A tavola, tutto più semplice
A bordo delle navi e negli hotel i pasti sono serviti a buffet, con una scelta ampia che comprende sempre pasta, riso, patate, pollo, verdure e frutta fresca in abbondanza. I bambini scelgono da soli quello che preferiscono, e questo rende ogni pasto un momento sereno.
Chi vuole assaggiare i sapori locali trova comunque tantissimo: il pane caldo appena sfornato, il riso aromatico, i dolci al miele e al sesamo. Molti bambini finiscono per innamorarsi proprio di questi ultimi.
Quanti giorni servono
Per una famiglia la durata ideale è di sette o otto giorni: qualche giornata al Cairo tra le piramidi e il Grande Museo Egizio, poi la navigazione sul Nilo tra Luxor e Assuan.
Con questo ritmo ogni giornata ha il suo momento forte e il suo momento di riposo. I bambini restano curiosi fino all'ultimo giorno, e i genitori tornano a casa davvero riposati.

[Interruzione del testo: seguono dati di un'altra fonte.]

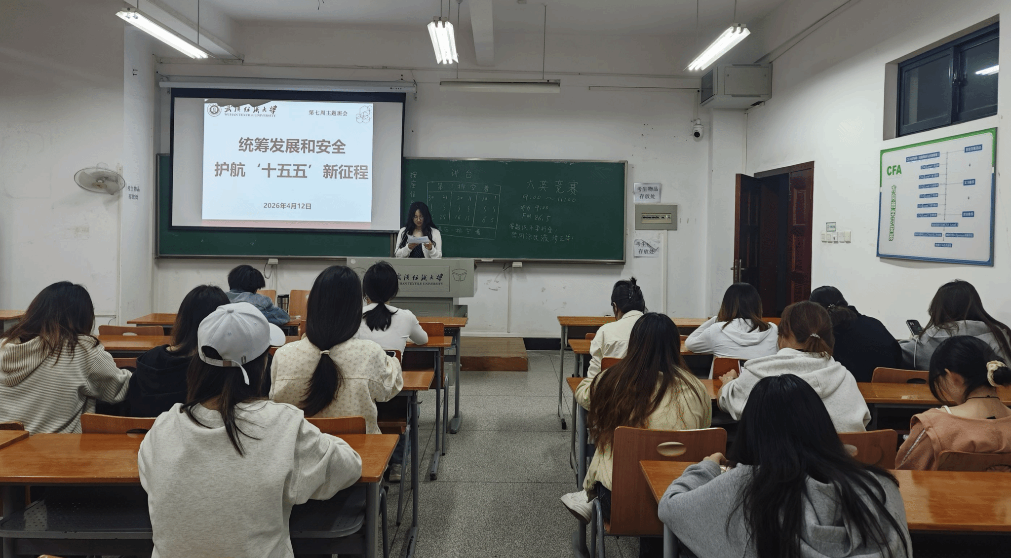 为引导学生筑牢安全思想防线,增强国家安全意识,维护校园和谐稳定,4月12日,学院于崇德楼组织开展“统筹发展和安全,护航‘十五五’新征程”主题教育班会。班会由辅导员、班主任主持,全体学生共同参与。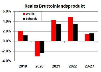BAK Economics erwartet für 2021 ein Wachstum des Walliser BIP von 4,3%, also über dem gesamtschweizerischen Mittel (CH: +3,5%). Dieser positive Trend dürfte sich im Jahr 2022 fortsetzen (Wallis: +4,9% und CH: +3,5%).
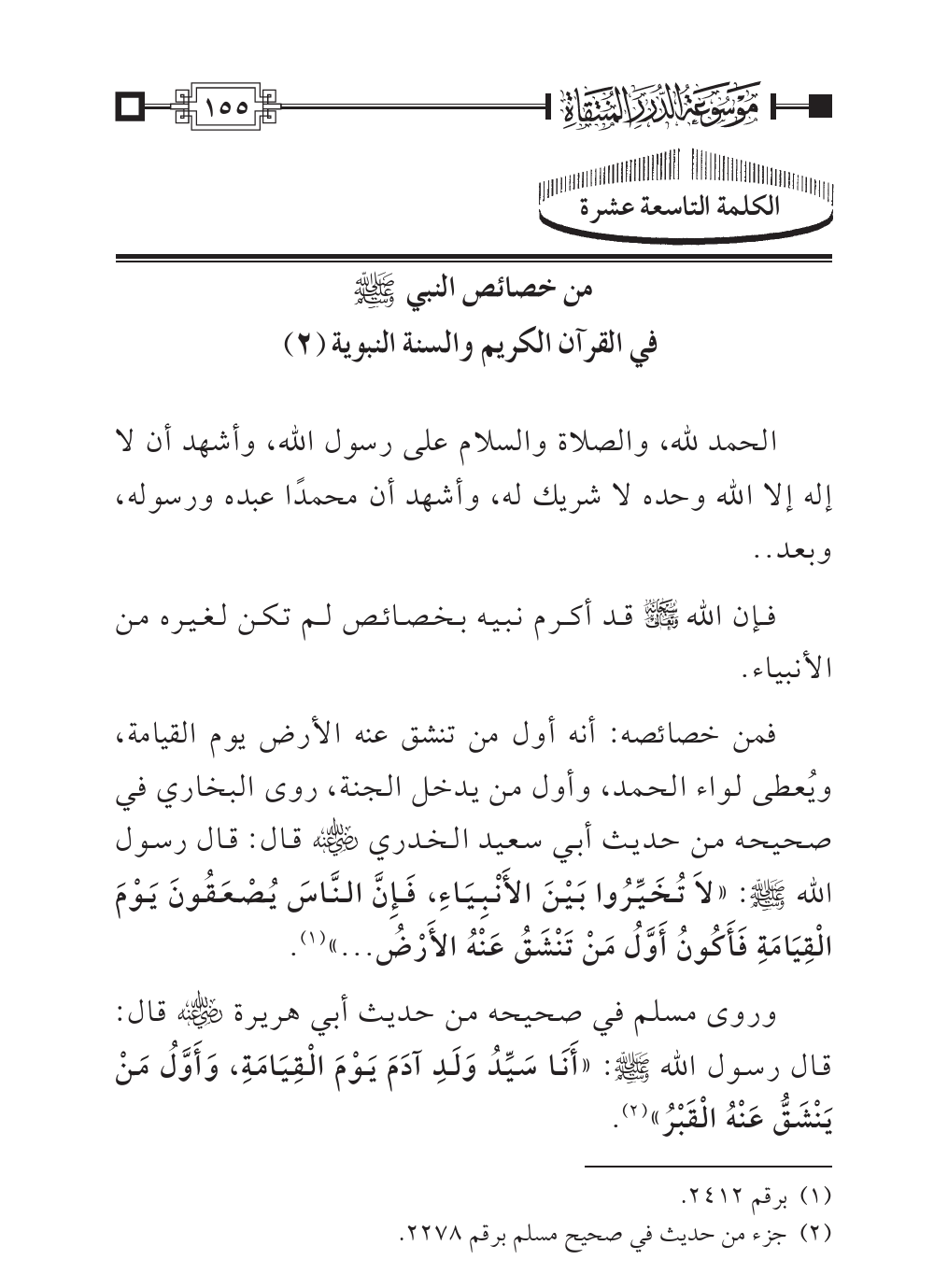 من خصائص النبي - صلى الله عليه وسلم - في القرآن الكريم والسنة النبوية (٢)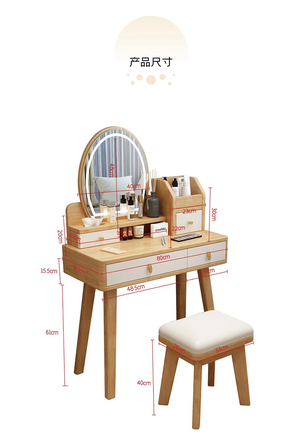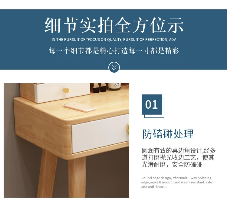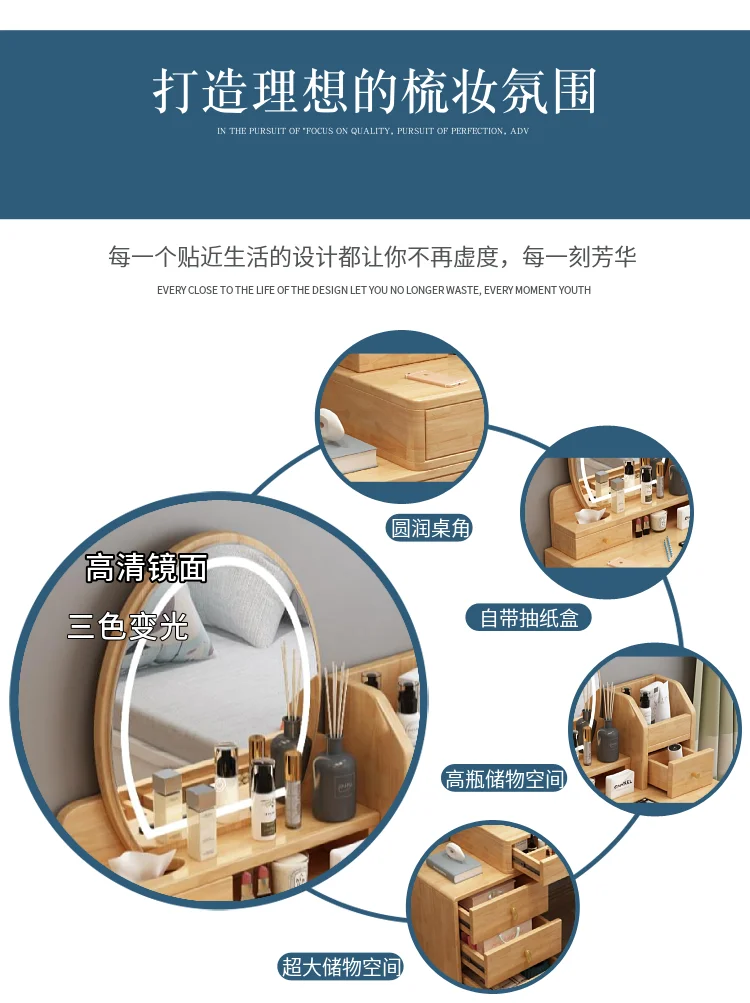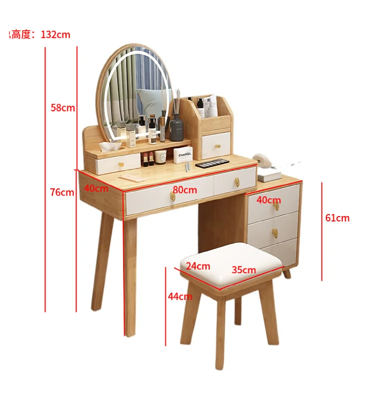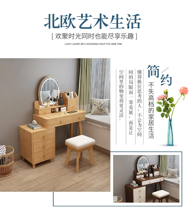 Bedroom Hairstyle Vanitys for Makeup Drawers and Mirror Makeup Dressing Table Furniture Pink Vanity Chair Solid Wood Dresser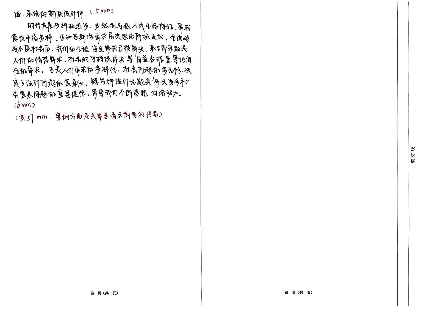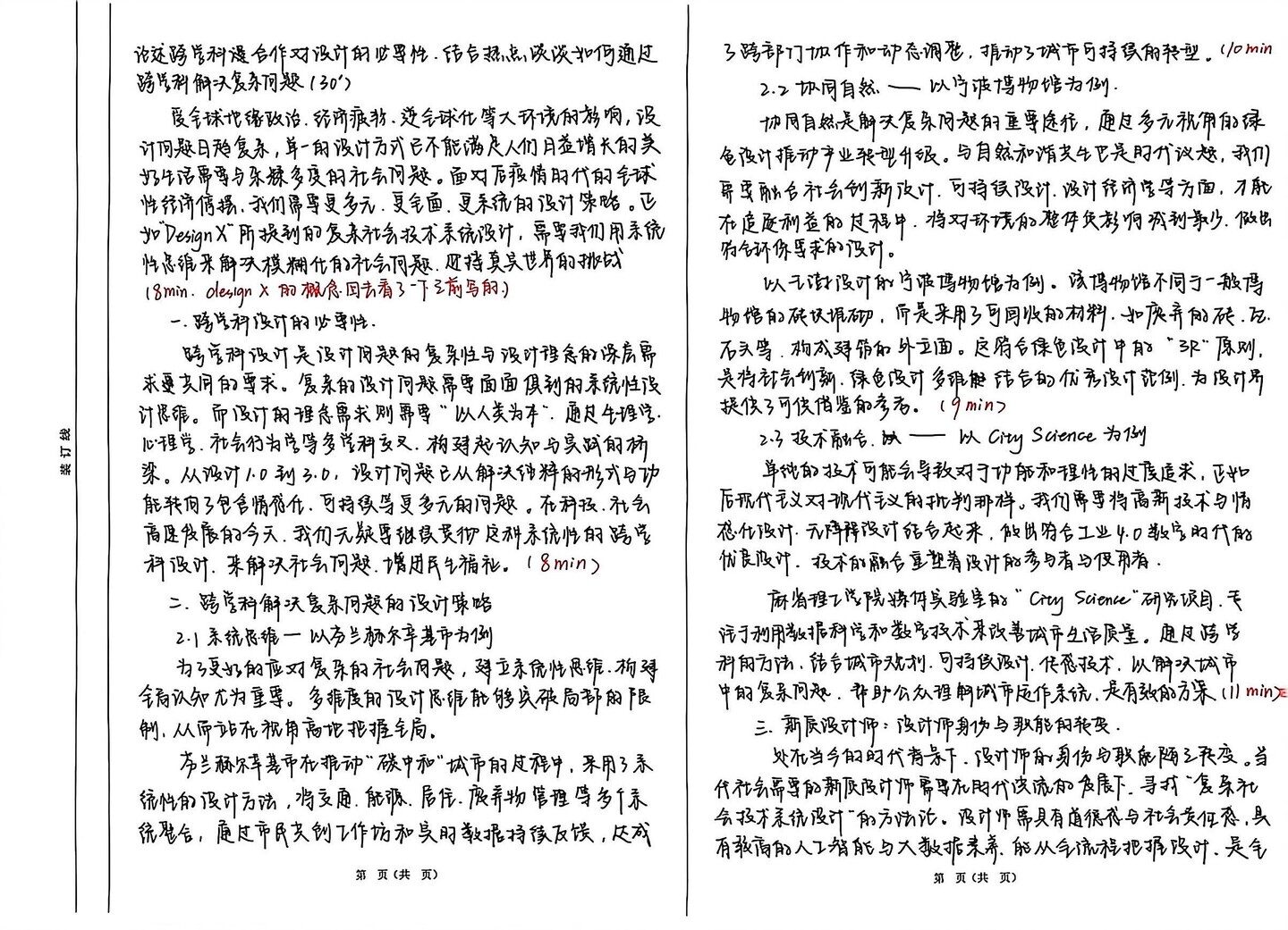 面,系统的新质设计师。(5min) 时代发展与科技进步,必然会导致人民生活向好,需求 愈发丰富多样。正如马斯洛需求层次理论所提及的,全面建 成小康社会后,我们的生理,安全需求已被解决,取而来的是 人们的情感需求,社会的可持续需求等日益占据重要地制 位的需求,正是人们需求的多样性,社会问题的多元性,决 定了设计问题的复杂性。跨学科设计无疑是解决当今社 会复尽问题的重要途径,需要我们不断深耕,付诸努力。 (6min) (共57min. 果例方面还是需要看之前写的再写) 第! 页(共页) 第页(共页)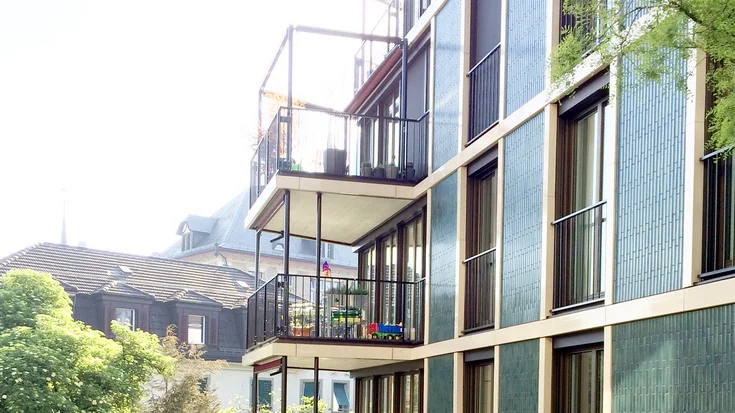 The district of Wiedikon, incorporated in 1893, is characterised by its open building structures interspersed with green spaces. The architectural team picked up on this feature of the district’s urban design, incorporating a variety of green outdoor spaces in the concept for the new build. Considerable attention was given to the choice of plants and their various blooming periods, ensuring that the green spaces’ appearances will transform completely from one season to the next. Furthermore, the skilful positioning of structures on the plot has created a semi-public space between the two buildings. Not only does this create a generous approach area to the building entrances, it also provides space for a generous play area. While the direct surroundings are characterised by classical masonry construction, Guignard & Saner opted for more contemporary designs and materials in the new buildings. This creates a visual contrast and makes the project truly eye-catching. The modern design also incorporates generous windows and doorways, which provide plenty of natural light and allow the buildings’ interiors and exteriors to coalesce. The apartments, which range from 2.5 to 4.5 rooms in size, have a surface area of between 58m² and 113m². Each accommodation unit boasts its own balcony or terrace, and all areas have been fit-out to a high standard. This includes the stairwells, for example, which have been finished using exposed concrete, while the apartments’ flooring features diagonally laid parquet flooring with surrounding frieze. Both houses are certified according to the Swiss Minergie standard for low-energy buildings.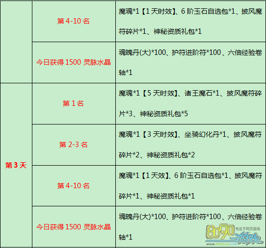 第三天:光翼幻化丹*1、披风魔符碎片*1、进阶血石*88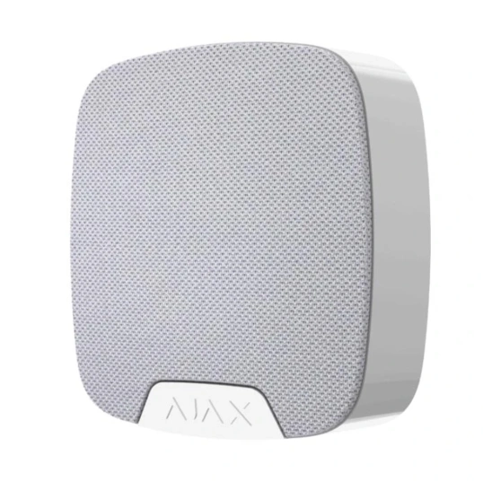 Бездротова кімнатна сирена Ajax HomeSiren біла призначена для звукового оповіщення про тривогу і встановлюється всередині приміщень. При тривозі, розумна централь сигналізації Ajax Hub передає бездротовий сигнал на сирену. Після отримання сигналу тривоги від централі сирена спрацьовує і лунає сигнал тривоги.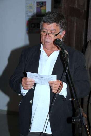 Interviene el escultor Máximo Riol: “Buenas noches amigos y amigas. A César. Con esta exposición quiero hacer un homenaje a César, con el que tuve el honor de compartir sala en San Antonio Abad, en la gran exposición que se celebró con motivo del Centenario de la U.G.T en el año 1988 (hace ya la friolera de 26 años). César fue una persona que defendió Lanzarote con uñas y dientes y habría sufrido mucho si hubiese visto el desmadre urbanístico que después de su muerte se cometió en toda España.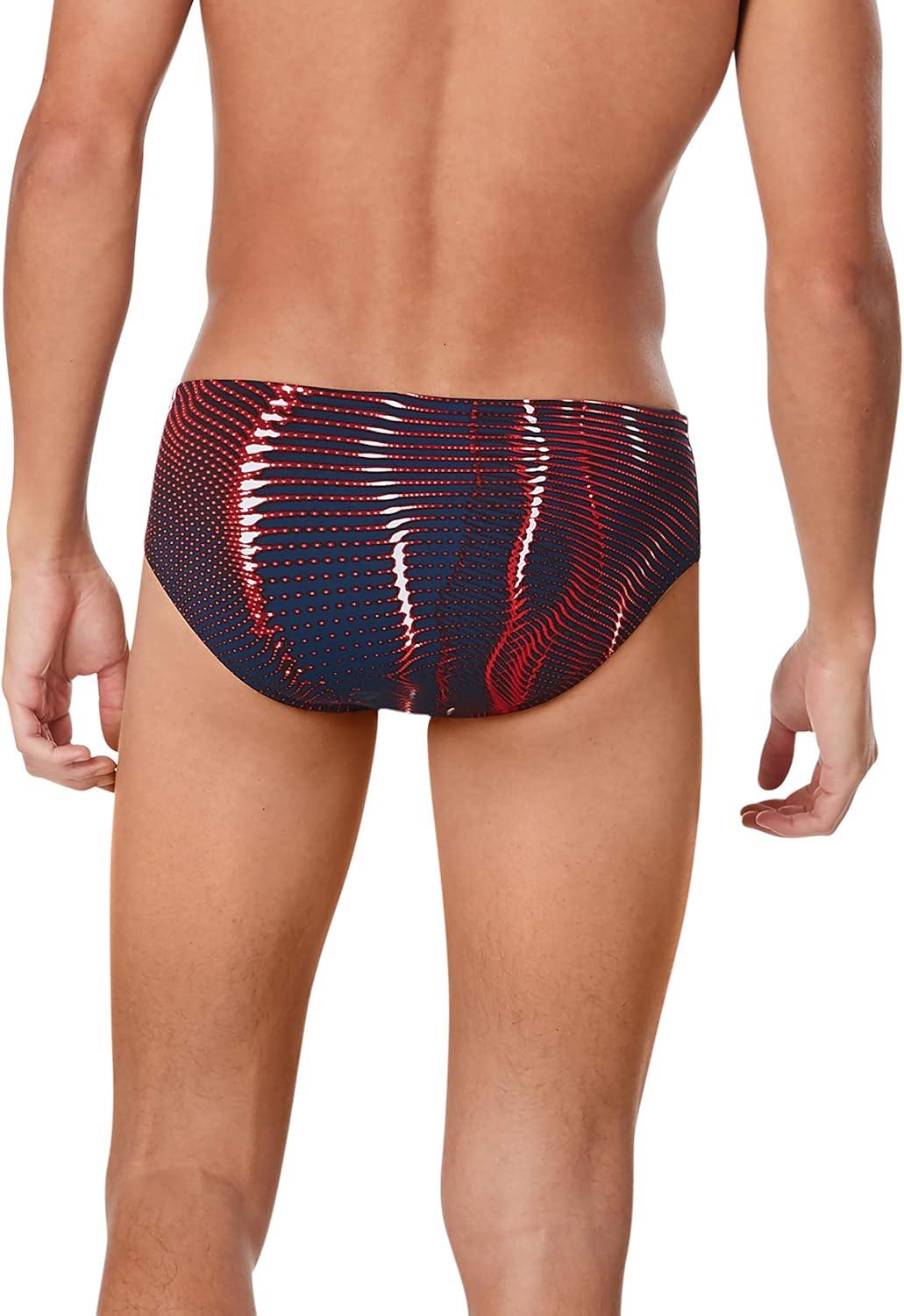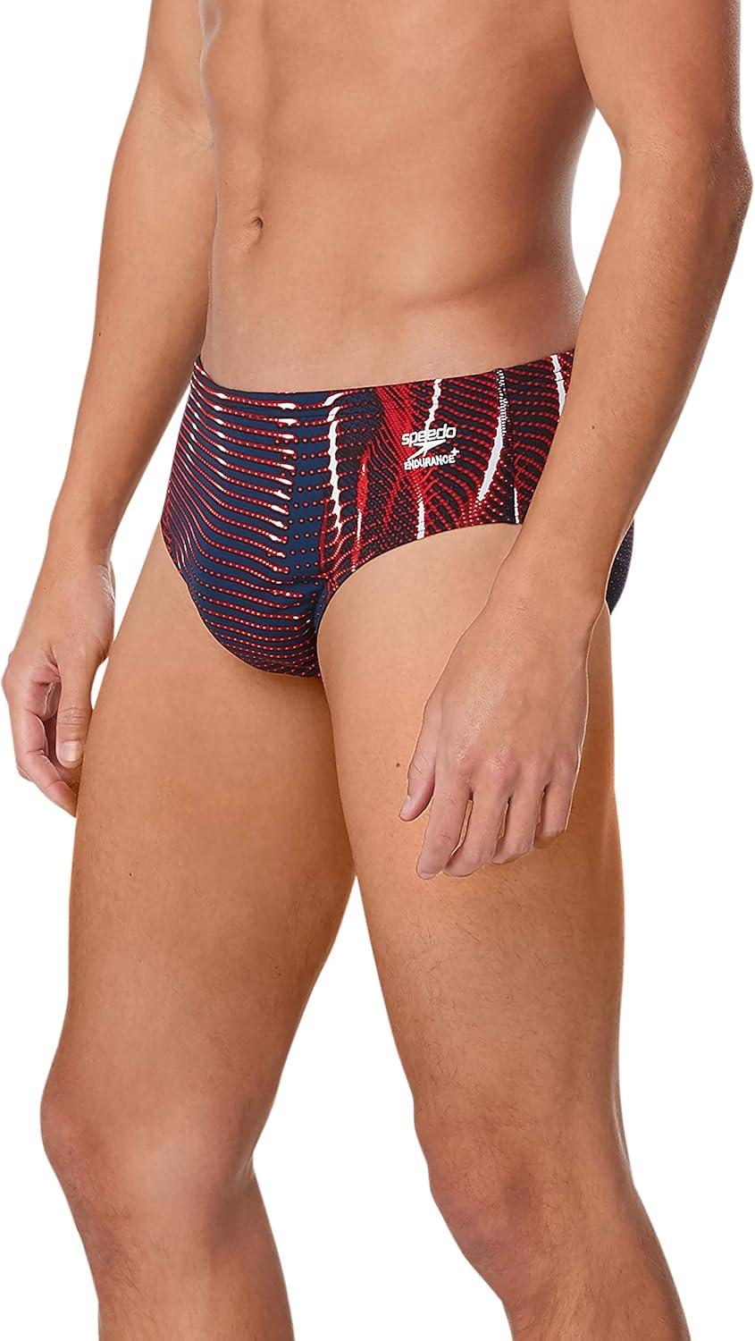 Speedo Men’s Caged Out Brief Endurance+ Swimsuit(Solar Red/White/Blue)

Molte famiglie scelgono per questo un tour Egitto a Natale già organizzato, con trasferimenti, guida in italiano e crociera inclusi: tutto è pronto, e resta solo da godersi il viaggio insieme.
Quello che si portano a casa
Alla fine i bambini non raccontano le date dei faraoni. Raccontano che sono saliti su un cammello. Che hanno visto un coccodrillo scolpito nella pietra. Che hanno dormito su una nave che si muoveva di notte. Che il faraone d'oro era un bambino come loro.
E raccontano che quell'anno il Natale è stato diverso da tutti gli altri.
È questo che rende un Natale in Egitto con i bambini un'esperienza da vivere almeno una volta: non si torna con delle foto, si torna con delle storie. E le storie, a quell'età, durano tutta la vita.